И тогда она увидела его. У самой кромки леса, там, где земля была влажной и темной от тени деревьев, на спутанной траве лежал маленький красный ошейник. Её пальцы узнали его прежде, чем глаза успели сфокусироваться. Серебряный колокольчик, который всегда тихонько звенел при каждом движении Тени, теперь молчал. Ошейник был расстегнут, но пластиковая застежка была странно изогнута, словно её не расстегнули, а сорвали с силой.

Лили подняла ошейник. Он был холодным и немного влажным от росы. Она стояла на границе двух миров – идеального, ухоженного двора и темного, таинственного леса. И пропажа Тени, этот маленький, молчащий ошейник в её руке, ощущалась как зловещий знак, как еще одно подтверждение того, что граница эта становится все более проницаемой, что тьма из леса – или из глубин её собственного дома – протягивает свои невидимые пальцы, забирая то, что ей дорого. Лес за её спиной молчал, храня свою тайну, но Лили вдруг с ужасом поняла, что больше не хочет её разгадывать. Она хотела только одного – чтобы этот кошмар прекратился. Но он, казалось, только начинался.

Часть 6

В ту ночь Лили почти не спала. Шёпот в стене то затихал, то возвращался неумолимой волной, не давая погрузиться в забвение. Когда бледный рассвет наконец просочился сквозь жалюзи, окрасив комнату в холодные серые тона, она чувствовала себя разбитой и опустошенной. Тихий гул прекратился с первыми лучами солнца, словно испугавшись света, но ощущение его незримого присутствия впиталось в сами стены.

Она встала с кровати, подошла к столу, заваленному бумагой, карандашами, тюбиками с краской. Её убежище, её способ справиться с миром, который становился все более странным и непонятным. Обычно рисование успокаивало её, позволяло выплеснуть эмоции на бумагу, придать им форму, а затем отстраниться. Но в последнее время её рисунки сами стали источником тревоги.

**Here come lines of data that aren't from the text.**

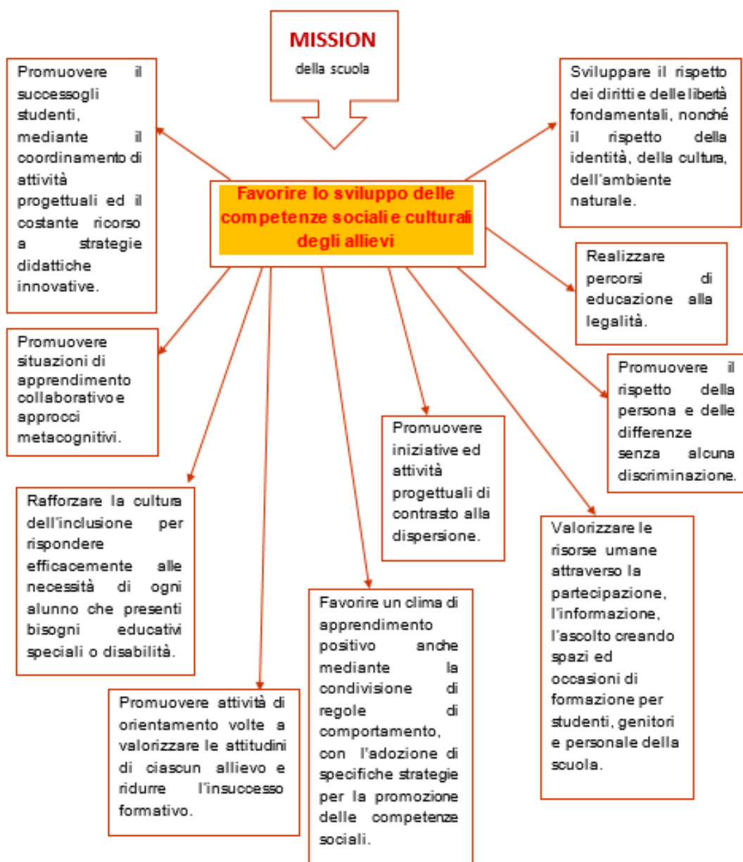
Figura : Mission della scuola
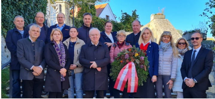
Kranzniederlegung zu Allerheiligen
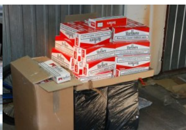
PSG w Zgorzelcu

Nielegalne papierosy ujawnili w tym samym dniu także funkcjonariusze z Placówki SG w Zielonej Górze – Babimoście. Około godziny 22-iej w centrum Zielonej Góry strażnicy graniczni wytypowali do kontroli samochód osobowy marki Mazda z niemieckimi numerami rejestracyjnymi. Kierujący mazdą nie zatrzymał się do kontroli i zaczął uciekać, lecz kiedy funkcjonariusze podjęli pościg kierowca zaniechał ucieczki i zatrzymał pojazd po kilkuset metrach.
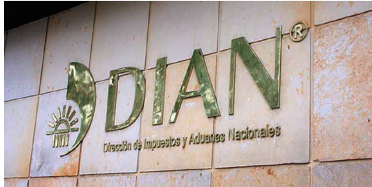
La medida busca hacer efectiva la garantía de pago de los contribuyentes con más de seis meses en mora.

La entidad realizará entre el 21 y 25 de abril la Jornada Nacional de Cobro 'Al día con la Dian, le cumpla al país', que busca hacer efectiva la garantía de pago de los contribuyentes con más de seis meses en mora. Estas personas se ven expuestas a accio-
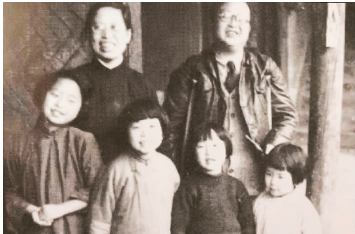
▲抗战期间，潘光旦任教西南联大，以优生学研究闻名。潘氏夫妇与女儿们在昆明。
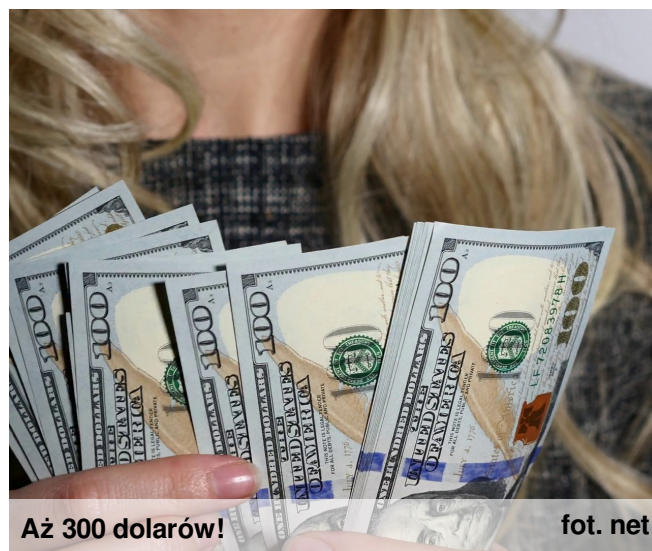
Aż 300 dolarów!

- Świetnie. To lepiej się połóż, bo za kilka godzin idziemy.
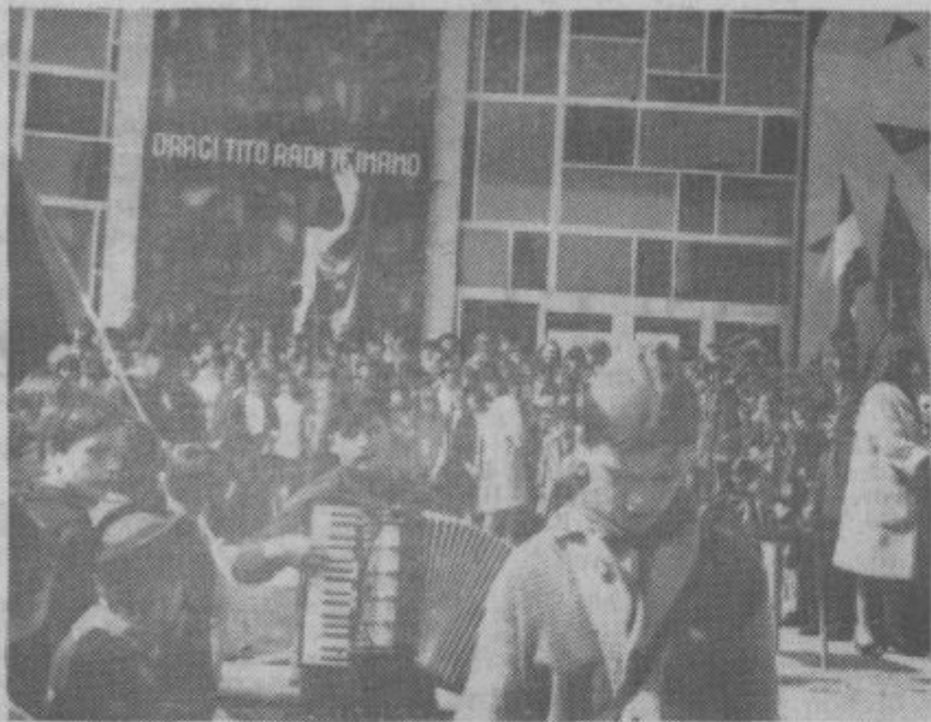
Harmonikar in pesem je spremljala pionirske patrolje, ki so nosili »kurirčkovo torbo«.
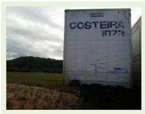
SEMI REBOQUE MARCA RANDON MODELO RANDON SR FG - FERRO | Item: 505 |
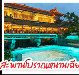
สะพานโบราณหนานเตี้ยว
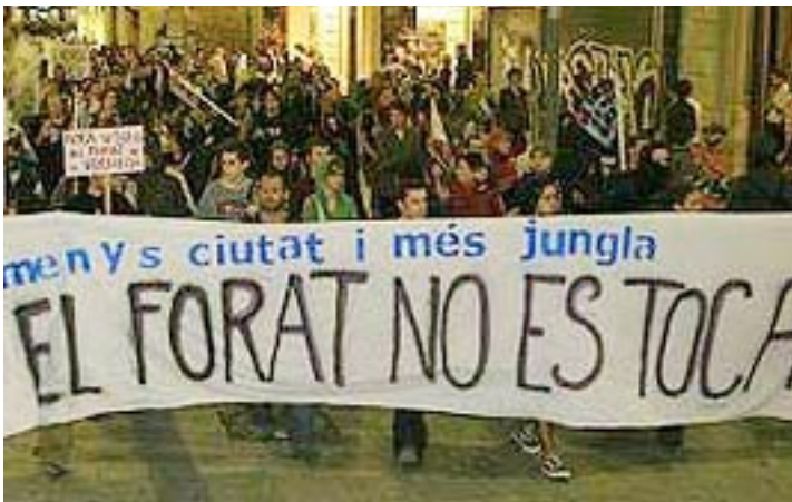
Manifestació 5 d'octubre
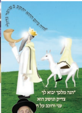
י"נה מלך יבוא לך צדיק ונושע הוא עני ורובב על ח
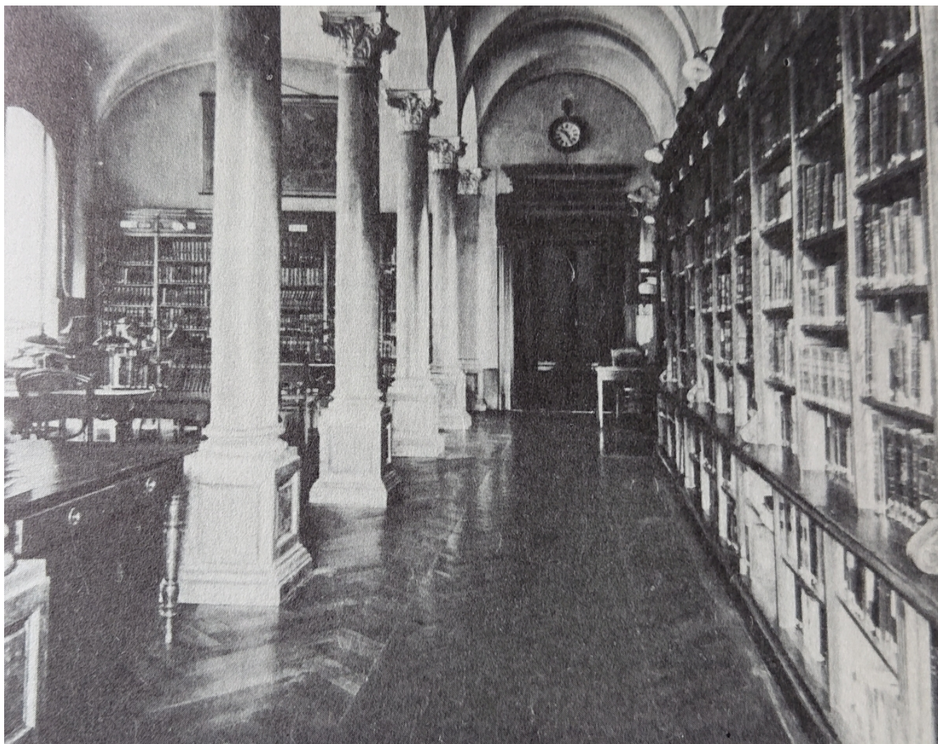
Читальный зал архива не позднее конца 1960-х - начала 1970-х годов.

Автор так бы и продолжал беспомощно разводить руками перед собеседниками, если бы на помощь не пришёл, уже лет десять назад, удивительный, богатейший, великолепный, неожиданный Федеральный архив Швейцарии!
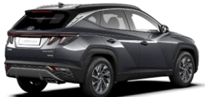
Dark Knight/ Phantom Black -katto (YG1)
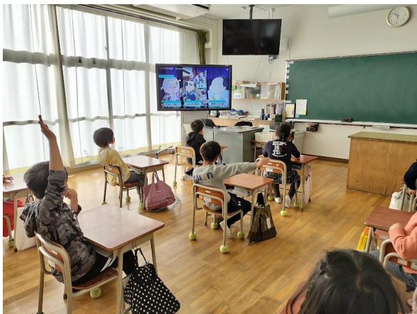
2年生の義士学習の様子

インターネットで「2分で分かる忠臣蔵」という動画を見て1年生で学習した内容を思い出しました。その後、赤穂義士絵物語の範読を聞きながら、簡単な人物相関図を見て内容を再確認しました。
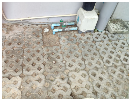
ภาพที่ 4-6 พื้นทางวิ่งรถเป็นบล็อคอูฐน้ำ
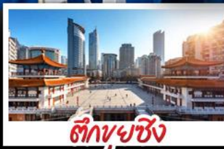
ตึกขุยซิ่ง
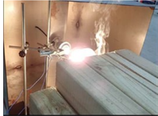
図 2 ランプによる木材加熱実験

当該条件で加熱試験を実施したところ、温度上昇から約 40 秒後に、ランプ表面 155°C、木材表面 114°Cの時に、木材から発煙が認められた。
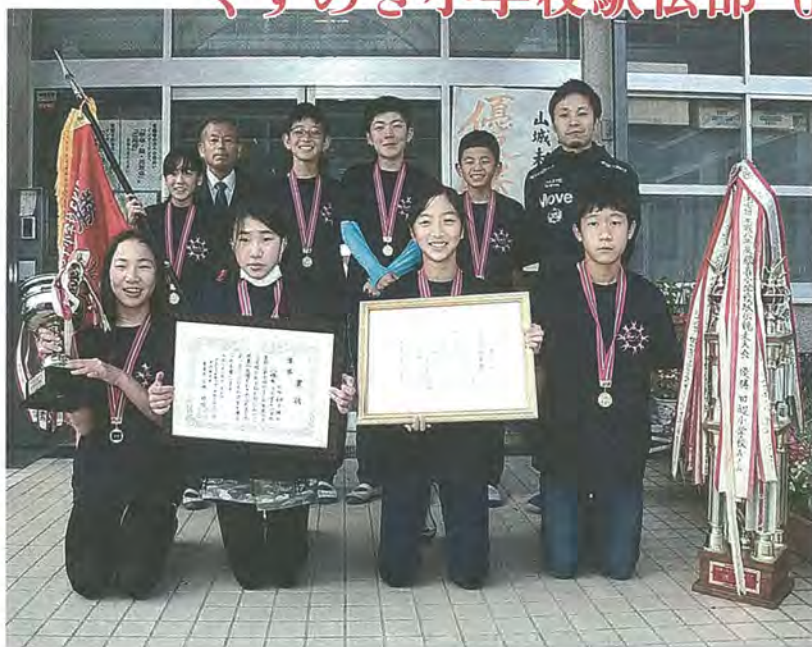
▲ 優勝した同校の駅伝メンバーたち
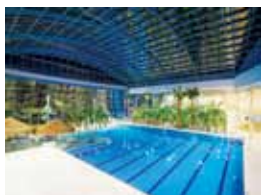
50 SUNTAGO. TROPKI PRZEZ OKRĄGŁY ROK
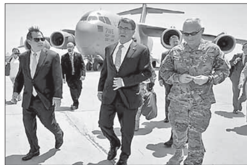
Эштон Картер (в центре) прилетел в Багдад

США перебросят в Ирак дополнительные силы. Соединенные Штаты перебросят в Ирак дополнительные силы. Как заявил министр обороны США Эштон Картер во время визита в Багдад, в ближайшее время в Ирак придут 560 американских военнослужащих. Им предстоит превратить недавно отбитый у боевиков аэродром Кайяра в логистический центр. «Мы должны создать там базу, чтобы предоставлять иракцам необходимую поддержку», — рассказал Картер. — Аэродром
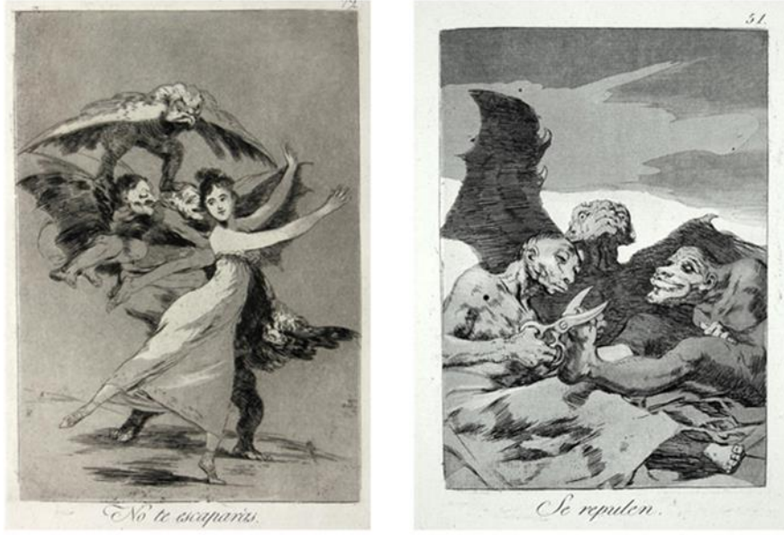
Resim 3. Los Caprichos, no: 72 No te escaparás (Kaçamayacaksın), Aside yedirme baskı, perdahlanmış leke baskı. Los Caprichos, no: 51 Se repulen (Kendilerine çekidüzen veriyorlar), Aside yedirme baskı, perdahlanmış leke baskı ve çelik kalem.
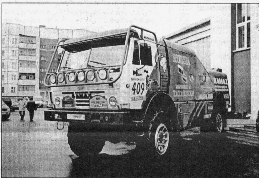
КамАЗ представил гоночный грузовик

Генеральный директор «Сургутнефтегаза» Владимир Богданов публично выразил свое мнение по приватизации нефтеперерабатывающих заводов в Белоруссии и на Украине. И там, и там «Сургутнефтегаз» хочет участвовать в покупке акций хоть одного НПЗ. Но переговоры как коту под хвост: белорусский президент Лукашенко не хочет договариваться, продавая российский нефтяникам контрольный пакет акций. Можно пойти к президенту Украины Кучме, но тому не до приватизации. «Видите, что там делается», — объясняет Богданов, имея в виду затеянный оппозицией импичмент.
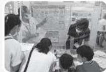
昨年のパネル展示
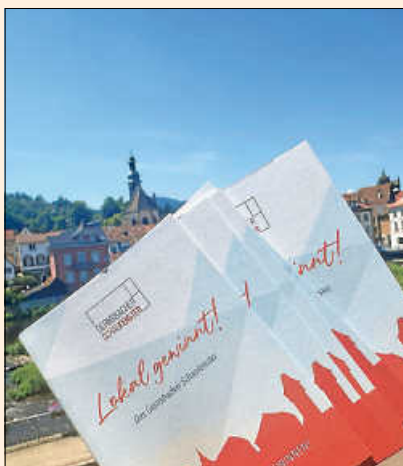
Das Bonusheft bietet viele Vorteile.

Alle Informationen finden sich unter www.gernsbach.de/bonusheft .
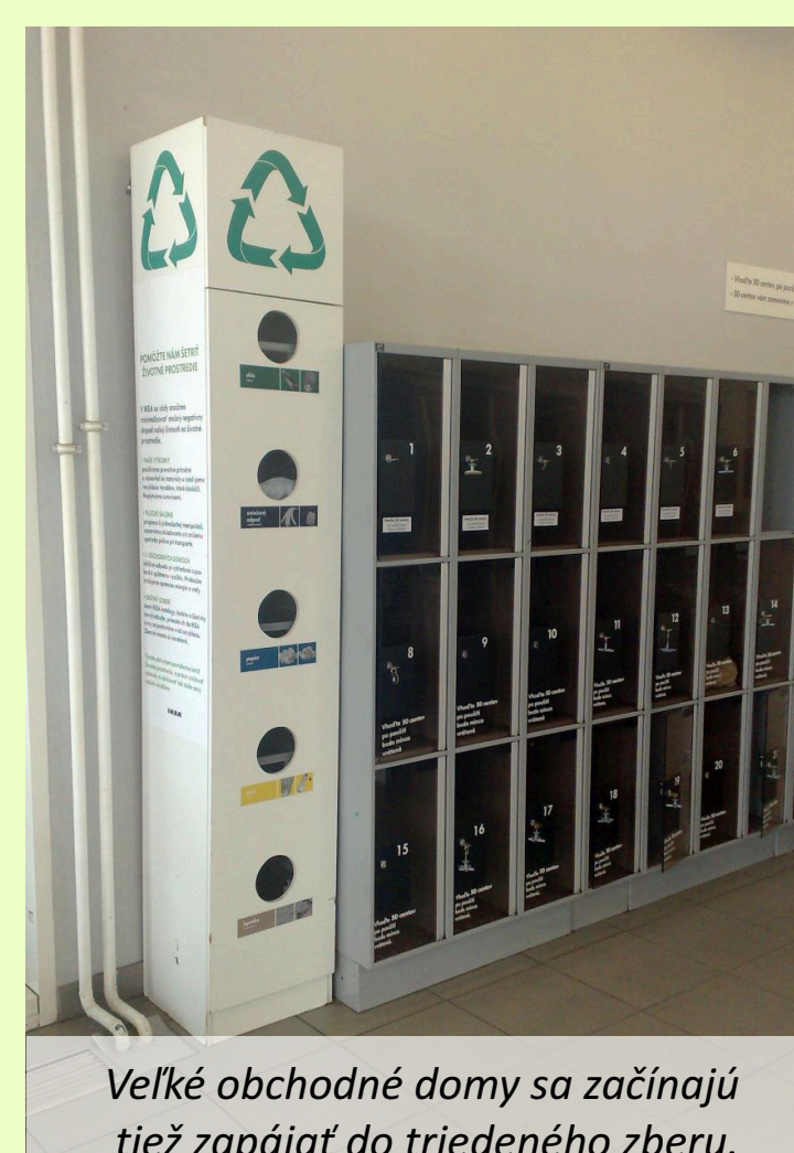
Veľké obchodné domy sa začínajú tiež zapájať do triedeného zberu.

Na triedenie v budovách si môžeme k tomuto účelu zakúpiť i špeciálne nádoby.
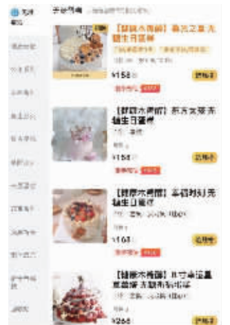
外卖平台上,南京某蛋糕店推出的木糖醇蛋糕
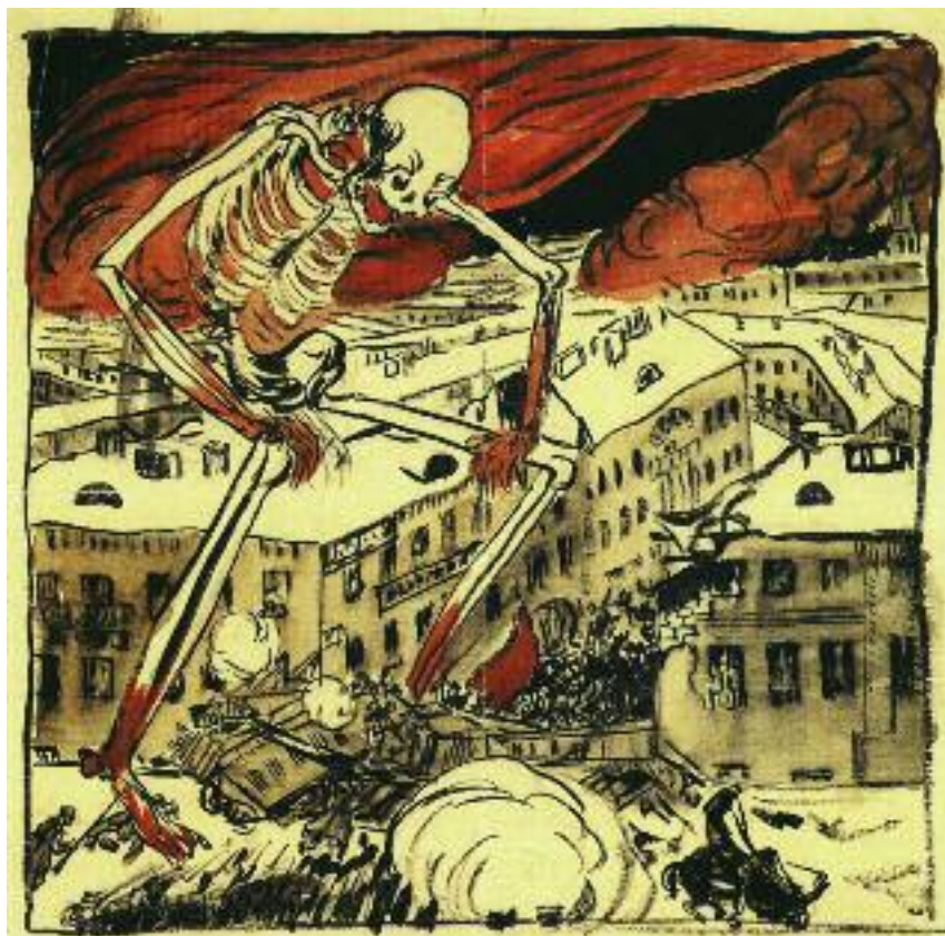
Борис Кустодиев. Вступление. 1905 год. Москва. 2. 1905 год

мунизма в России. Коммунизм идет от раскольников, от самого начала российского государствогенеза. Ленин (в бердяевской трактовке) не столько марксист, сколько народник. Он хотя и клеймил народников с позиций марксизма, исторически выступал выразителем той же народнической линии. Большевизм впитал в себя русские цивилизационно-ценностные традиции и идеалы. В связи с этим приведу лишь одну цитату, в которой Бердяев, как бы обращаясь к Западу, говорит, что тот совершенно не понимает происходящего в

Она взяла один из последних листов, начатый вчера днем, еще до того, как пропала Тень. На нем был изображен их дом. Но не тот идеальный, сияющий белизной дом с Кленовой улицы. А его темный двойник, искаженная, больная версия. Линии были резкими, нервными, перспектива нарушена, словно дом кренился, готовый обрушиться под собственной тяжестью. Сайдинг казался облезлым, окна – пустыми глазницами, смотрящими с невыразимой тоской или затаенной угрозой.

Но самое жуткое было не это. Из земли вокруг дома, из-под пресловутого идеального газона, прорывались толстые, черные корни. Они были похожи на вены, на скрюченные щупальца, на костлявые пальцы мертвеца. Они оплетали фундамент, взламывали бетон, обвивали стены, прорастали сквозь оконные рамы, стремясь поглотить дом целиком, утащить его под землю. Казалось, сам дом был живым, но больным, зараженным чем-то темным, ползучим, идущим изнутри или снизу.

А рядом с домом, у самого края листа, была изображена фигура человека. Нечеткая, почти силуэт. Фигура была наполовину погружена в землю, в ту же черную, корневую массу, что оплетала дом. Было неясно, закапывается ли этот человек сам, с каким-то отчаянным, методичным упорством, или его неумолимо затягивает вниз разверзшаяся почва. Лицо фигуры было неразличимо, стерто, превращено в темное пятно. Но что-то в осанке, в наклоне головы, было смутно знакомым. Что-то неуловимо напоминало отца.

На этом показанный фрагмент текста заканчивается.